July 11, 2012- GoTopless strongly denounces the arrest of Holly Van Voast, who was handcuffed and taken to a mental hospital on Sunday just for standing topless outside a Hooters restaurant in New York City. When the arrest occurred, Van Voast was simply standing outside a Midtown Hooters location with friends, preparing to honor the 20th anniversary of the day New York became a legally topless state: July 7, 1992. (please see our news sections for more details on this historical date)

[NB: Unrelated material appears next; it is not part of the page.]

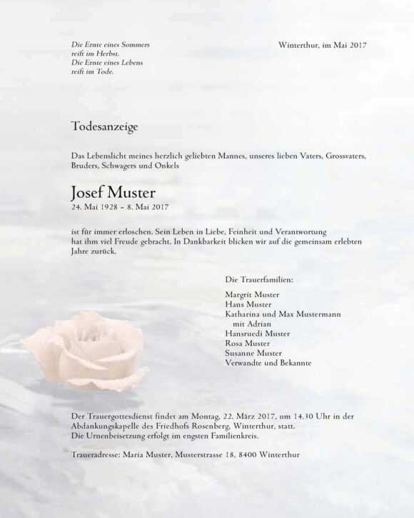 Gerne beraten wir Sie bei der Abwicklung der Bekanntmachung eines Todesfalles

Ms. Van Voast was within her legal rights to go topless there, but the police treated her like a deranged, violent person. It’s outrageous!
After the arrest, to add to her humiliation, she was forced to wait several hours in a hospital for a psychiatric evaluation. This incident was an act of pure insanity on the part of the NYPD and of a deranged society in general.
Are men taken to mental hospitals and made to undergo psychiatric evaluations for taking off their shirts? This is an extreme case of a women’s rights violation; it constitutes blatant discrimination against women, and it’s also a human rights violation that can’t be tolerated in a democracy that prides itself for policing the world over human rights issues. The NYPD must be prosecuted immediately!

This latest topless-related arrest is especially noteworthy because of another New York City court case in 2007, concerning a public topless charge. Phoenix Feeley and her attorney, Jeff Rothman, successfully sued New York City for wrongful arrest, forcing the city to pay $29,000 in damages.GoTopless is urging Van Voast to do the same thing!

By taking this to court and winning, she will show that violations of women’s topless rights will not be tolerated and those who commit them will be found liable.
In fact, we’re advising women who plan on going topless in New York to carry a GoTopless flyer listing the legal developments that confirm their right to do so. The flyer will quote the 1992 appeals court case making it legal for women to go topless in New York and also include a summary of Phoenix Feeley’s 2007 case, which inspired spiritual leader and human rights activist Rael (rael.org) to launch the GoTopless organization that same year. (please email us and we will send you a copy.)
A glance at the amount of damages paid by New York City for Feeley’s wrongful arrest will make police officers think twice about violating a woman’s rights if a woman decides to shed her top. New York law is already on her side.

GoTopless is also inviting everyone, women and men alike, to participate in the next annual GoTopless Day on Aug. 26, in honor of Women’s Equality Day.
Going topless is our Constitutional right based on gender equality under federal law. As Rael has said, either both men and women should be able to go topless in public without interference or else no one at all should be allowed to bare a chest in public. The laws need to treat both genders equally, as the Constitution guarantees!

We hope a huge number of women in New York City, where going topless is already legal, will have the courage to exercise their topless rights. The power of numbers will help prevent more of these wrongful, highly discriminatory arrests and psychiatric evaluations.

The act of freeing one’s breasts means more than freeing one’s mind from cultural and religious taboos. It means freeing an entire society that has imposed silent, unfair codes on women. Many women have come to believe that such discrimination is normal. It’s not.

It’s really time to stop the insanity, and the insanity doesn’t lie in a woman’s decision to go topless on a hot summer day. It lies in allowing only men to go bare-chested when everyone suffers equally from the heat!